#### Problem:
Your job is to set down the stretch of entries that opens with the line containing "白襯衫、西裝褲,黑灰色的搭配" and closes with the line containing "Little Prince/Princess creme". Keep both end lines, copy each exactly, and add nothing.

#### Records to use:
'''
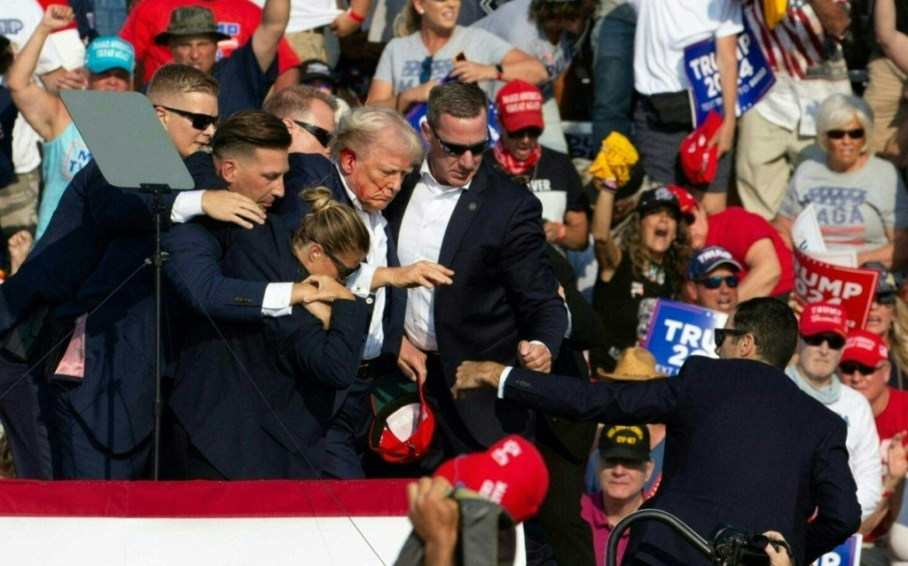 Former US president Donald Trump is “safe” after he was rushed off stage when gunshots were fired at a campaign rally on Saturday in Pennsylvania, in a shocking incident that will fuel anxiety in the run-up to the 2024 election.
'''
'''
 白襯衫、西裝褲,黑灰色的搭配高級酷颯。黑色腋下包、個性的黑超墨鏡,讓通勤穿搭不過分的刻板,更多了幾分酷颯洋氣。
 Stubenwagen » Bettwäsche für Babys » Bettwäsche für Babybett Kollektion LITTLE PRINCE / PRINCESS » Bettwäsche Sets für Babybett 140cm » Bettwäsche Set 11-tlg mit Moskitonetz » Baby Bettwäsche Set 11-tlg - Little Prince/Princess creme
'''
#### Written response:
 白襯衫、西裝褲,黑灰色的搭配高級酷颯。黑色腋下包、個性的黑超墨鏡,讓通勤穿搭不過分的刻板,更多了幾分酷颯洋氣。
 Stubenwagen » Bettwäsche für Babys » Bettwäsche für Babybett Kollektion LITTLE PRINCE / PRINCESS » Bettwäsche Sets für Babybett 140cm » Bettwäsche Set 11-tlg mit Moskitonetz » Baby Bettwäsche Set 11-tlg - Little Prince/Princess creme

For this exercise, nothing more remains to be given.